12.17.2009

Restoring value to the minimum wage

In a paper issued today, Heidi Shierholz of the Economic Policy Institute (EPI) finds that the current minimum wage of $7.25 is 20% lower than its real value 40 years ago. To restore its value, she proposes setting the minimum wage at 50% of the previous year's average wage and indexing it annually thereafter. According to her formula, the minimum wage would be $9.80 in 2012, with incremental increases over the next two years.

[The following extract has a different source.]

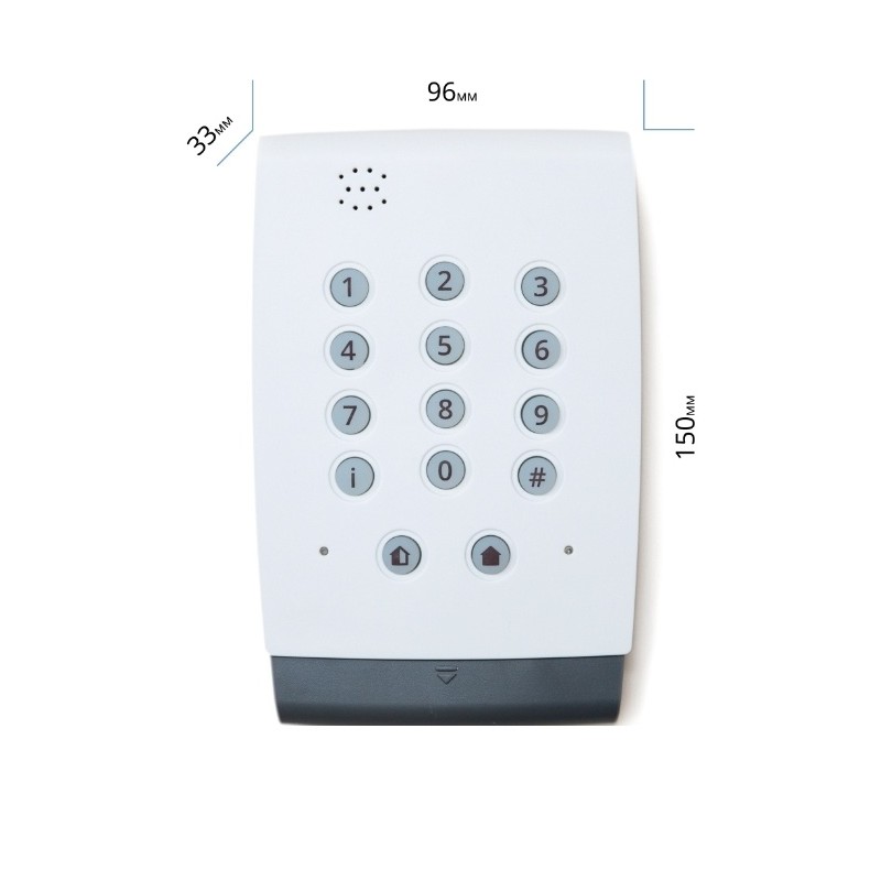 Беспроводная контрольная панель с клавиатурой на корпусе.

The paper divides workers who would benefit from the new minimum wage into two groups: those directly affected because they earn less than the new minimum wage, and those who would be indirectly affected because they earn a little above it but "would likely see a wage increase as employers preserve internal wage ladders." In Hawaii, of its total workforce of 557,415 (from EPI analysis of 2008 Current Population Survey data), 55,932 would be directly affected by the new minimum wage and 22,219 would be indirectly affected. Among the paper's conclusions:
(Indexing the minimum wage) will help to reverse the trends toward increasing inequality and to restore income growth for millions of working families. These new steps for the minimum wage are a crucial component in the effort to ensure that the benefits of economic growth are shared broadly across the workforce.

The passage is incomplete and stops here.